Fencing Out Russia
Here are the two key sentences from the FT piece: An internal Commission document about the implications of unbundling, seen by FT Deutschland, the Financial Times' sister paper, says the EU could be "vulnerable to a strategy of third countries to dominate the EU markets not only in terms of supply but also by acquiring the networks". The document explicitly warns about situations "where investment is driven by other motives than economic ones". Read story
Steve's comment: Of the EU states, Poland has most openly discussed the issue of state- owned and private Russian companies buying parts of Europe's energy infrastructure. It has said in so many words that it is not going to risk its independence after the decades it took to take it back from Moscow.
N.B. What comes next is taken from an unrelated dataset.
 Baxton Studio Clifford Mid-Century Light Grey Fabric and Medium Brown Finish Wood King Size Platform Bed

The likelihood is that broader support has formed within Europe to prevent its energy assets from being swallowed up by wallet-thick petro-states like Russia and also Saudi Arabia.
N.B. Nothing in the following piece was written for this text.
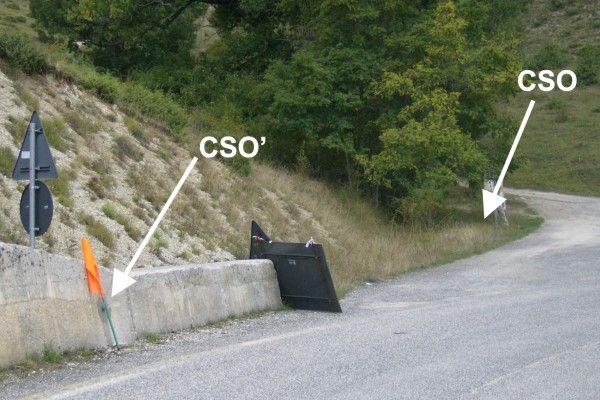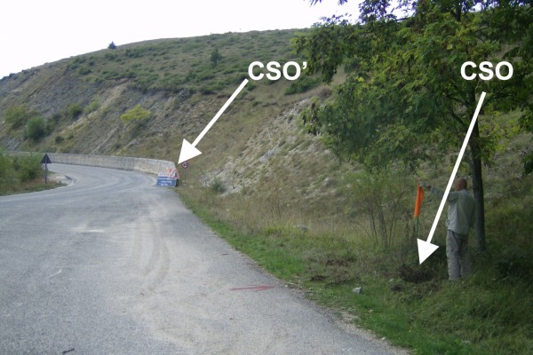 [{"simbolo_contrassegno":"P4","materializzazione":"(CSO) – Pozzetto in cemento, (S.G.N.) sito in prossimit\u00e0 del Km 5,700, a 12 m dal bivio con un sentiero ed a 2,40 m dal margine stradale."},{"simbolo_contrassegno":"B1","materializzazione":"(CSO') – Bullone infisso nel muro di contenimento, lato monte, presso il Km 5,700."}]

Russia bristles at such attitudes, calling them hypocritical. And it is true that some of the criticism from Europe and the U.S. has been self-serving and at times hysterical.
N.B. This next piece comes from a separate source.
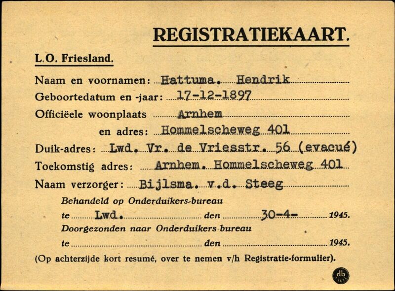 Duikadres: Vredeman de Vriesstraat 56, Leeuwarden - Oorspronkelijk adres: Hommelseweg 401, Arnhem - Reden onderduik: staking - Overige opmerkingen: Achterkant beroep: Adjunct Commies - Achterkant naam werkgever: Nederl. Spoorwegen

Yet Moscow is short-sighted if it believes that no one has taken account of its behavior in Central Asia and the Caucasus.
Since the 1991 Soviet breakup, oil and natural gas export pipelines that pass through Russia have been routinely blocked or bottled up to use by Kazakhstan and Turkmenistan. A needed expansion of the export pipeline from Kazakhstan's supergiant Tengiz oilfield has been blocked at least partly for Russian geopolitical reasons (in order to counterbalance the U.S.-backed Baku-Ceyhan pipeline by forcing Chevron to help build a rival pipeline through Bulgaria and Greece to the Mediterranean). And Georgia has regularly suffered oddly timed cutoffs of its natural gas supply.
In part there are financial reasons for these acts; but the over-arching explanation is that Russia has a history of bullying whom it can, and attempting to keep its former colonies under its thumb.
The working papers no doubt will go through revisions. But there is no doubt that Europe will adopt some sort of legal mechanism to make it harder for outside countries to buy its energy assets.
How stringent that mechanism is will depend on how convincing Russia is that its treatment of its former Soviet colonies has been an aberration.
Labels: european union, natural gas, oil pipelines, Russia, Russian oil


3 Comments:
If the proposed rules become reality, will the European Union have conflicting policies towards the Central Asian states? The EU wants them to be independent but at the same time it would be blocking the kind of acquisitions that would boost those countries' independence. As you noted the other day, downstream acquisitions are essential if, say, Kazakhstan's oil company were to become a truly global major.
The balance points between journalism, fiction, political reality are borders without controls. No doubt rightly so.
There is Oxford/London, there is Boston-Cambridge/DC (even New Haven) and then there are acute people who write between. Sometimes in fiction.
Am wondering about the 'muddy line' (not muddy boots) between life and fiction. Not speaking politik. Just fiction and sure knowledge. Difference is doubt, 'suggestion', the unknown. I salute HWH for looking at a new surveillance issue. Am old enough to remember McCarthy. How wonderful that a blog marries research, conjecture, and fiction.
Eric, for some time, EU countries have mulled the issue of Russian ownership of its assets. It does not want to appear to be creating a blacklist; on the other hand it wants to be cautious. So some sales -- even of large assets -- will go through depending on the country. For instance, Germany and Italy seem a lot less put out by such sales, while Poland and Lithuania are concerned. Somewhere in the mix, Kazakhstan and -- if it so wishes, Azerbaijan -- will pick up assets.